Postby Thesh » Fri Sep 07, 2018 11:51 pm UTC

Tyndmyr wrote:
Thesh wrote:
Tyndmyr wrote:The fact that they are consuming things that require labor, and not laboring is the problem.


Why is that a problem? That you don't like it doesn't mean it's economically unworkable. People get paid without working all the time; hell, when I talked about people spending millions they didn't work for even while people were starving you explained it wasn't a problem.


This has nothing to do with if I, or anyone else, approves. This isn't a morality thing, it's a math thing.


And reason says that at least enough people will work so that all people can meet their basic needs. Most likely more. Your only real argument here is one of personal preference.

Tyndmyr wrote:It'll be consumed until existing stocks are depleted. Goods and services are constantly being consumed.
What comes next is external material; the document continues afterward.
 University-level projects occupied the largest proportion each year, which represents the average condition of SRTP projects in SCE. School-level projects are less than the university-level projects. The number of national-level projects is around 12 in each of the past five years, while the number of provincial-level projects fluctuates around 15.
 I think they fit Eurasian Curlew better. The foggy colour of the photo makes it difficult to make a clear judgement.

If creation falls off, once existing stocks are expended, yes, the shortages set in, and folks become unable to consume further.
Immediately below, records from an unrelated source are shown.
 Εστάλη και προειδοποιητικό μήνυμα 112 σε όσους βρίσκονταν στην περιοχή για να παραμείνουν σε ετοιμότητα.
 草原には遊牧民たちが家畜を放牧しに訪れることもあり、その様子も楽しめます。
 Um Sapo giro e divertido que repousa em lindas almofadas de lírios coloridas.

And when they do, someone will do the job to make more.

Tyndmyr wrote:At this point, people either seek to circumvent the system, or fight over the scraps. The apocalyptic viewpoint would focus on the latter, I'd hope for the former. Real world examples are mixed.
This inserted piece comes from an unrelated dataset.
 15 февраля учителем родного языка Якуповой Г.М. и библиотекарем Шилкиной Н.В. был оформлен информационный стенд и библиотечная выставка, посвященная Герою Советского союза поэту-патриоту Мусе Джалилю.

Because there is not a single person on this planet who would work without compensation.


Tyndmyr wrote:If nobody is incentivized to perform labor, labor will stop. Or at least, greatly slow. This means poverty.


Even if 80% of the work stops, there wouldn't be poverty. Everyone in the US would still be above the poverty line, as long as there is equality.

Tyndmyr wrote:If the goods and services run out, it doesn't matter what you say the money represents. It only matters what you can trade money for.

Goods and services will never ever ever ever ever ever ever ever ever ever ever run out. That you think this will happen tells me you are a sociopath who would rather die than risk someone else benefiting from your labor without compensation.

Tyndmyr wrote:You're projecting pretty hard here. This has literally nothing to do with who deserves what, and will happen to deserving and undeserving alike. The economy doesn't care about your morality.